**About this task:**
Please write out, exactly as they appear, the line containing "이번 연말정산은 결혼/출산/양육, 주택, 기부금" and every line after it to the end of the records, and nothing more.

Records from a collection
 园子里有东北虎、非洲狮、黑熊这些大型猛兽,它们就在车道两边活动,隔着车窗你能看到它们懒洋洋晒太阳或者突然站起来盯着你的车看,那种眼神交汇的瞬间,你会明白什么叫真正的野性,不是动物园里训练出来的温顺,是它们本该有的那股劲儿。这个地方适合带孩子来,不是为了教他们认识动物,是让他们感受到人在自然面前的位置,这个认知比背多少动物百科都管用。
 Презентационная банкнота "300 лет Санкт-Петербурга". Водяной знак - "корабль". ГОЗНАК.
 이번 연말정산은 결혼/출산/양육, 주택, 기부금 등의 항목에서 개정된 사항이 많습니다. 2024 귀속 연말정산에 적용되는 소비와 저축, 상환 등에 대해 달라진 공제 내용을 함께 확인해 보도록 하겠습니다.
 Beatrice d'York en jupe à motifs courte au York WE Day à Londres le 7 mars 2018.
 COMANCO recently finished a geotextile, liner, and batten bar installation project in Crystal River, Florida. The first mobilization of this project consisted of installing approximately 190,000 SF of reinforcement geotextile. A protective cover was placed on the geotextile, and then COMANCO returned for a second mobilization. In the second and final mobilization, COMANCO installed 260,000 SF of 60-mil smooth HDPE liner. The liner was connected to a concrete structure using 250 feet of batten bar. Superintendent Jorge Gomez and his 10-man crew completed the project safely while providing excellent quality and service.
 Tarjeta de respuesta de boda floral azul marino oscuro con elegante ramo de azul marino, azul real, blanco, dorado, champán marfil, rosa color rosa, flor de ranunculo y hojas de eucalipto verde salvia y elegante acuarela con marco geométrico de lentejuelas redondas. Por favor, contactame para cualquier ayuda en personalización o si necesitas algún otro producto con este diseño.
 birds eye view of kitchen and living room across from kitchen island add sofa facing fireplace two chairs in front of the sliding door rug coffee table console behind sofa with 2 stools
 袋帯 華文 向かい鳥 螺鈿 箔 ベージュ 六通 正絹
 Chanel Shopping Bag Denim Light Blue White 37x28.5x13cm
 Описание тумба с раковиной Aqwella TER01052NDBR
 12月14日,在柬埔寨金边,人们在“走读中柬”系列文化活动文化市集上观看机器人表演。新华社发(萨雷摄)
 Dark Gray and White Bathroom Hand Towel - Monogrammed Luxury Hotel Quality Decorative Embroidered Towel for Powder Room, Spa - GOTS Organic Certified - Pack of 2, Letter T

**Output for this exercise:**
 이번 연말정산은 결혼/출산/양육, 주택, 기부금 등의 항목에서 개정된 사항이 많습니다. 2024 귀속 연말정산에 적용되는 소비와 저축, 상환 등에 대해 달라진 공제 내용을 함께 확인해 보도록 하겠습니다.
 Beatrice d'York en jupe à motifs courte au York WE Day à Londres le 7 mars 2018.
 COMANCO recently finished a geotextile, liner, and batten bar installation project in Crystal River, Florida. The first mobilization of this project consisted of installing approximately 190,000 SF of reinforcement geotextile. A protective cover was placed on the geotextile, and then COMANCO returned for a second mobilization. In the second and final mobilization, COMANCO installed 260,000 SF of 60-mil smooth HDPE liner. The liner was connected to a concrete structure using 250 feet of batten bar. Superintendent Jorge Gomez and his 10-man crew completed the project safely while providing excellent quality and service.
 Tarjeta de respuesta de boda floral azul marino oscuro con elegante ramo de azul marino, azul real, blanco, dorado, champán marfil, rosa color rosa, flor de ranunculo y hojas de eucalipto verde salvia y elegante acuarela con marco geométrico de lentejuelas redondas. Por favor, contactame para cualquier ayuda en personalización o si necesitas algún otro producto con este diseño.
 birds eye view of kitchen and living room across from kitchen island add sofa facing fireplace two chairs in front of the sliding door rug coffee table console behind sofa with 2 stools
 袋帯 華文 向かい鳥 螺鈿 箔 ベージュ 六通 正絹
 Chanel Shopping Bag Denim Light Blue White 37x28.5x13cm
 Описание тумба с раковиной Aqwella TER01052NDBR
 12月14日,在柬埔寨金边,人们在“走读中柬”系列文化活动文化市集上观看机器人表演。新华社发(萨雷摄)
 Dark Gray and White Bathroom Hand Towel - Monogrammed Luxury Hotel Quality Decorative Embroidered Towel for Powder Room, Spa - GOTS Organic Certified - Pack of 2, Letter T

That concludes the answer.